[Task input Boundary: Start]

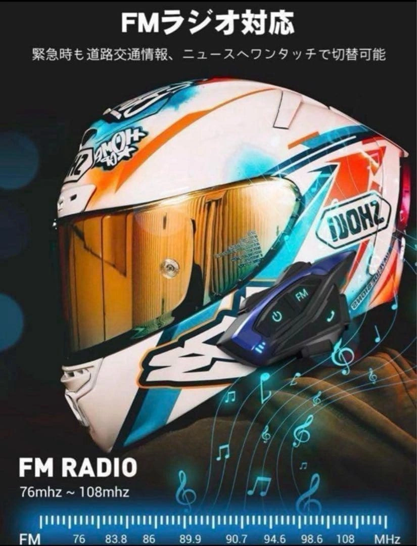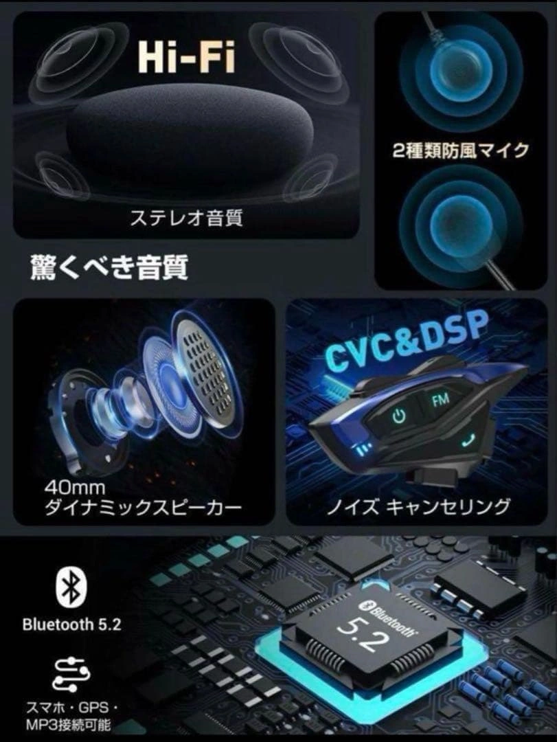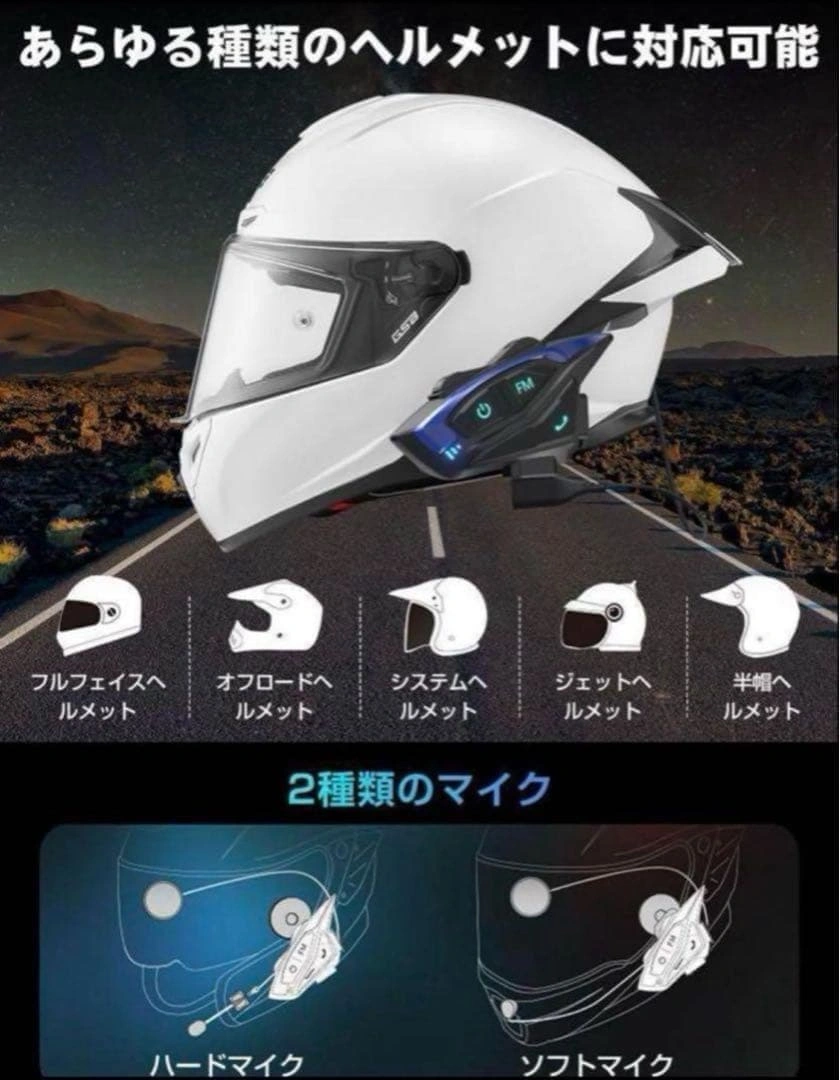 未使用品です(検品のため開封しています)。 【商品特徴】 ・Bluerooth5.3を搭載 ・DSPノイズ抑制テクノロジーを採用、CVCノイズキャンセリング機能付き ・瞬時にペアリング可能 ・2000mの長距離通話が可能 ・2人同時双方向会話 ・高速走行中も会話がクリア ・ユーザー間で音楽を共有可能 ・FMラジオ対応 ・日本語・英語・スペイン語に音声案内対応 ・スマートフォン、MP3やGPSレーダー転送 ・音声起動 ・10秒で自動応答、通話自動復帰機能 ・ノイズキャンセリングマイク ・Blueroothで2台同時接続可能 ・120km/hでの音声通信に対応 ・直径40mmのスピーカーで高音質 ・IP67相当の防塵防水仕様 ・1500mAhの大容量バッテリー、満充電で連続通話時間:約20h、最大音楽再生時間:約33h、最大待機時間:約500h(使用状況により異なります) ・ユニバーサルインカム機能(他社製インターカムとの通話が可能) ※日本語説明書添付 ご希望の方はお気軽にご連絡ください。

[Task input Boundary: End]
[Task input Boundary: Start]

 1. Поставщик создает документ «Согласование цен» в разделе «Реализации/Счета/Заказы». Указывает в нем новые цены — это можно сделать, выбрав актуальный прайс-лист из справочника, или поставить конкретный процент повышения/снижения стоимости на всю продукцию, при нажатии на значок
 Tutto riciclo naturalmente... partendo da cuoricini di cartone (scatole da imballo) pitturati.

[Task input Boundary: End]

## Try it
Look above for the line with "1. Поставщик создает" and the line with "Tutto riciclo naturalmente...", and reproduce exactly those two lines plus every line between, nothing more.

## Solved problem
 1. Поставщик создает документ «Согласование цен» в разделе «Реализации/Счета/Заказы». Указывает в нем новые цены — это можно сделать, выбрав актуальный прайс-лист из справочника, или поставить конкретный процент повышения/снижения стоимости на всю продукцию, при нажатии на значок
 Tutto riciclo naturalmente... partendo da cuoricini di cartone (scatole da imballo) pitturati.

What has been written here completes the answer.